Sometimes water seeps right through the pores of a foundation wall or floor, leaving a telltale white powder behind when it dries. Sure, you could fix the problem by having the exterior of your foundation waterproofed, but that would mean excavating the yard – and paying $5,000 to $15,000. Treat the interior surface instead by painting on Xypex, a professional-grade brush-on sealant (cost: about $130 for enough to cover one wall). It’s not available at home stores, but you can get it by calling 800-363-2002.

Dry the air.

Even if you don’t have any leaks, high humidity is all that mold needs to take root on organic materials such as wood, wallboard and even dust. So if your basement air smells musty, pick up the largest Energy Star-rated, digitally controlled dehumidifier you can find (cost: about $300).

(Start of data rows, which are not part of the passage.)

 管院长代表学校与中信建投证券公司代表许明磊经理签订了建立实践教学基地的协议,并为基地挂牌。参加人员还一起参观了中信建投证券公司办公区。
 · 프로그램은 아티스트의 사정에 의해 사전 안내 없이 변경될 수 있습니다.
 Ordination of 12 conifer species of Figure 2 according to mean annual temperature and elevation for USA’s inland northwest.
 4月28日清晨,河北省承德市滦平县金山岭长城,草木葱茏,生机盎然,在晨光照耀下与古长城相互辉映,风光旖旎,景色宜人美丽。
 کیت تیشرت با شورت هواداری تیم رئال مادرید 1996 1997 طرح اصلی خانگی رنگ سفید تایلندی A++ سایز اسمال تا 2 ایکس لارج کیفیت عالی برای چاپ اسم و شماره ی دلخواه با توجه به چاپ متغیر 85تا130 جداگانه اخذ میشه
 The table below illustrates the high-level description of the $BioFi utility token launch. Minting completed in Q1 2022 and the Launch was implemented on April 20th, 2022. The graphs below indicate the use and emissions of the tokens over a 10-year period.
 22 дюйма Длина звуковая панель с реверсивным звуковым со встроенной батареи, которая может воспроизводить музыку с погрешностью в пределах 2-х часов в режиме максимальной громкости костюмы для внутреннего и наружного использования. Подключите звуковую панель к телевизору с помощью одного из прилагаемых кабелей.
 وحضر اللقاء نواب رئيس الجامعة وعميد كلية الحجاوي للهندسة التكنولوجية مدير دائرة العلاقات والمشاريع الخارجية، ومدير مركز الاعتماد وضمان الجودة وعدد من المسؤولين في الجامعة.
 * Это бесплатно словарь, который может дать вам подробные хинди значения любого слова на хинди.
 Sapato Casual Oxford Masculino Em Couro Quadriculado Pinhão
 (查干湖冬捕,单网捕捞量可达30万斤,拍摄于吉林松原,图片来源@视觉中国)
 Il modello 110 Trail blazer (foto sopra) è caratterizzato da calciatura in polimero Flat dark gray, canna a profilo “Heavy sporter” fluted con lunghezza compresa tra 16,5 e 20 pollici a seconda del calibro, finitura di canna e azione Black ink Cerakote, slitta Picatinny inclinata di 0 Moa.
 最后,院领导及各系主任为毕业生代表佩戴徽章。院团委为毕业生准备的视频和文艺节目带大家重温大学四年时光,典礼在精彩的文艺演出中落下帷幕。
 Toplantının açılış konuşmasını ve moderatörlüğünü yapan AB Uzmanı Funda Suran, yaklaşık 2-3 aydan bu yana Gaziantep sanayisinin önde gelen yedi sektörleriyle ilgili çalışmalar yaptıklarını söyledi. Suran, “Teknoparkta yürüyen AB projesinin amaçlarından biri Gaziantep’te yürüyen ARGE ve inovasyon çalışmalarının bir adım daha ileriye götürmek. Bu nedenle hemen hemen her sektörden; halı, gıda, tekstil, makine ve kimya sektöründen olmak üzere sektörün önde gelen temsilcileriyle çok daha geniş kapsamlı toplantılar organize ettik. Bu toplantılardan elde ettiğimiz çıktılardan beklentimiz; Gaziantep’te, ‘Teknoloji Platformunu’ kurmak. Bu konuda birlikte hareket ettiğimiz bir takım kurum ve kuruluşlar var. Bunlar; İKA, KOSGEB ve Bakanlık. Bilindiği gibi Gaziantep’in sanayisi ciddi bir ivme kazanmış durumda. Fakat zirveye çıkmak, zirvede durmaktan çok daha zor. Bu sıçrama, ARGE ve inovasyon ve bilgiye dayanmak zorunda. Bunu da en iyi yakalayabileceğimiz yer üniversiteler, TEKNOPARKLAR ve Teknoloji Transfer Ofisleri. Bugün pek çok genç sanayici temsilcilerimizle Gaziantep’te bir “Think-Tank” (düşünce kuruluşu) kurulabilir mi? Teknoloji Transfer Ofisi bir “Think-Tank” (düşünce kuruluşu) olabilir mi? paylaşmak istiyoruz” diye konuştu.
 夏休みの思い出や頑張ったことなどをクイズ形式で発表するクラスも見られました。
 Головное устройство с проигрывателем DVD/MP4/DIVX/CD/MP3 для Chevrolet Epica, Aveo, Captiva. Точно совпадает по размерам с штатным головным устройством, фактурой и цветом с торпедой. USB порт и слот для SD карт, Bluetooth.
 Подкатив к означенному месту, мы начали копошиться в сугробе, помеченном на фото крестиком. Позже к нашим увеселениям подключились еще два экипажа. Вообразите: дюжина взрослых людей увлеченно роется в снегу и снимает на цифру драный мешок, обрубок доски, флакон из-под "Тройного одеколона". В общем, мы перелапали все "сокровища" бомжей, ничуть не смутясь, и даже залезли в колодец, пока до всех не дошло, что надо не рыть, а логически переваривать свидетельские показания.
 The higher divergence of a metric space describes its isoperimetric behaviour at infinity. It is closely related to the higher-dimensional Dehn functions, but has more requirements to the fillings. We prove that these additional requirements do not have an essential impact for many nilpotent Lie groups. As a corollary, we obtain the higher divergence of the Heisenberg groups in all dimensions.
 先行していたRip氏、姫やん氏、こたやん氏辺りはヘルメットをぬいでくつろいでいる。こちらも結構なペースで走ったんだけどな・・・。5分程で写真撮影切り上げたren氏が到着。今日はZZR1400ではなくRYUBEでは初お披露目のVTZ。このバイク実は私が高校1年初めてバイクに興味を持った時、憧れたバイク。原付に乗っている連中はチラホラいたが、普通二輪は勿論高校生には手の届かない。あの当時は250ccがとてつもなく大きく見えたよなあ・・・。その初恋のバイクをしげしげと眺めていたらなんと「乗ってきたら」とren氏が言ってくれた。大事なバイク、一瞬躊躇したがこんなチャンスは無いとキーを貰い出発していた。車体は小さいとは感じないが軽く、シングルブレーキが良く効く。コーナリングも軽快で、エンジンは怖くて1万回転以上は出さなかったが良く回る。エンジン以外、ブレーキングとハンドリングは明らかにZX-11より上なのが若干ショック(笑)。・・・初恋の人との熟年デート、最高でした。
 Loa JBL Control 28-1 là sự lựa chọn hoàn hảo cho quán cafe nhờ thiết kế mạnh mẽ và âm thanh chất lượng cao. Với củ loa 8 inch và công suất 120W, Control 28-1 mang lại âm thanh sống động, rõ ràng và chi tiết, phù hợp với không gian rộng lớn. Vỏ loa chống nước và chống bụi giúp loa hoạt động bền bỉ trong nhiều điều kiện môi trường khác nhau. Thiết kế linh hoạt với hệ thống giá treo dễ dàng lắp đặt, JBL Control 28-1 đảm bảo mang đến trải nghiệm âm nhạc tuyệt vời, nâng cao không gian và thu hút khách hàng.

Forget about the built-in collection bucket – there’s no way you’ll empty it every day – and instead use a plastic hose to discharge the water into a utility sink or floor drain. Some water-proofers advise setting the controls to 50% humidity, which is too dry for mold.

Bring in the big guns.

If you’re getting full-scale floods or see water entering between the wall and the floor, call a basement waterproofing company. Go to the website of the National Association of Waterproofing and Structural Repair Contractors (nawsrc.org), find a few local companies and ask for a free assessment. They will probably recommend a sump pump, an in-floor machine that removes water under your cellar and costs about $2,000 installed. (Aboveground pumps are meant for emergencies, not long-term use.) The best units have a second pump for extreme rainstorms and a battery-operated third in case of a power outage.
The company may also recommend adding an in-floor gutter (cost: $3,000 to $5,000) around the perimeter of your basement floor to collect water and deliver it to the pump. Make sure that the firm you choose provides a warranty that your basement will remain dry for the life of the building. You’ll never be afraid to head downstairs again.